*** DATA EXCERPT ***

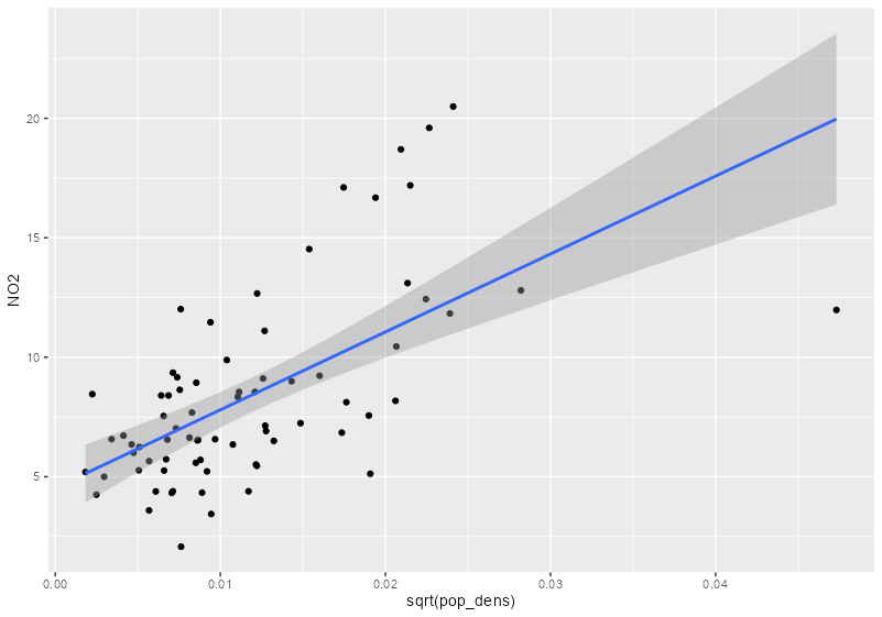 sf_no2_popdens <- grid_de |> select(pop_dens) |> st_extract(sf_no2) |> mutate(pop_dens = as.numeric(pop_dens)) |> filter(!is.na(pop_dens)) |> st_drop_geometry() |> # redundant geometry bind_cols(sf_no2) |> # strips sf class st_as_sf() # adds sf class # no2 vs pop dens ggplot(sf_no2_popdens, aes(x = sqrt(pop_dens), y = NO2)) + geom_point() + geom_smooth(formula = "y ~ x", method = "lm")- grid_de is a stars object which is a list with attributes.
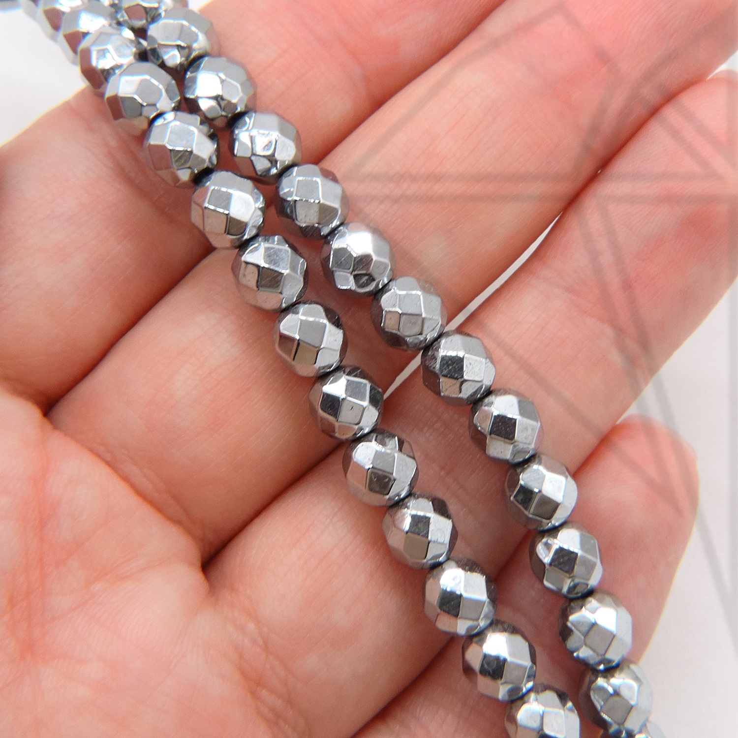 Гематит с огранкой с огранкой 6 мм серебристого цвета.
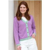 Meet the Shapwick cardigan a cosy, eco-friendly layer youll reach for time and time again. Made from 100% organic cotton, its soft, breathable and knitted in a lovely textured stitch to create something a little bit special. In a head-turning lilac with mint trims and coconut buttons to finish, this is the perfect style to take you through spring and summer. | Kite Women's Shapwick Organic Cotton Knit Cardigan Sweater Lilac in Purple | Size: Large - Manufacturers part number: Kite_5056700593279

*** End of DATA EXCERPT ***

▶ EXERCISE
Produce a verbatim transcription of every line in the listing, images omitted.

▶ EXPECTED ANSWER
 sf_no2_popdens <- grid_de |> select(pop_dens) |> st_extract(sf_no2) |> mutate(pop_dens = as.numeric(pop_dens)) |> filter(!is.na(pop_dens)) |> st_drop_geometry() |> # redundant geometry bind_cols(sf_no2) |> # strips sf class st_as_sf() # adds sf class # no2 vs pop dens ggplot(sf_no2_popdens, aes(x = sqrt(pop_dens), y = NO2)) + geom_point() + geom_smooth(formula = "y ~ x", method = "lm")- grid_de is a stars object which is a list with attributes.
 Гематит с огранкой с огранкой 6 мм серебристого цвета.
 Meet the Shapwick cardigan a cosy, eco-friendly layer youll reach for time and time again. Made from 100% organic cotton, its soft, breathable and knitted in a lovely textured stitch to create something a little bit special. In a head-turning lilac with mint trims and coconut buttons to finish, this is the perfect style to take you through spring and summer. | Kite Women's Shapwick Organic Cotton Knit Cardigan Sweater Lilac in Purple | Size: Large - Manufacturers part number: Kite_5056700593279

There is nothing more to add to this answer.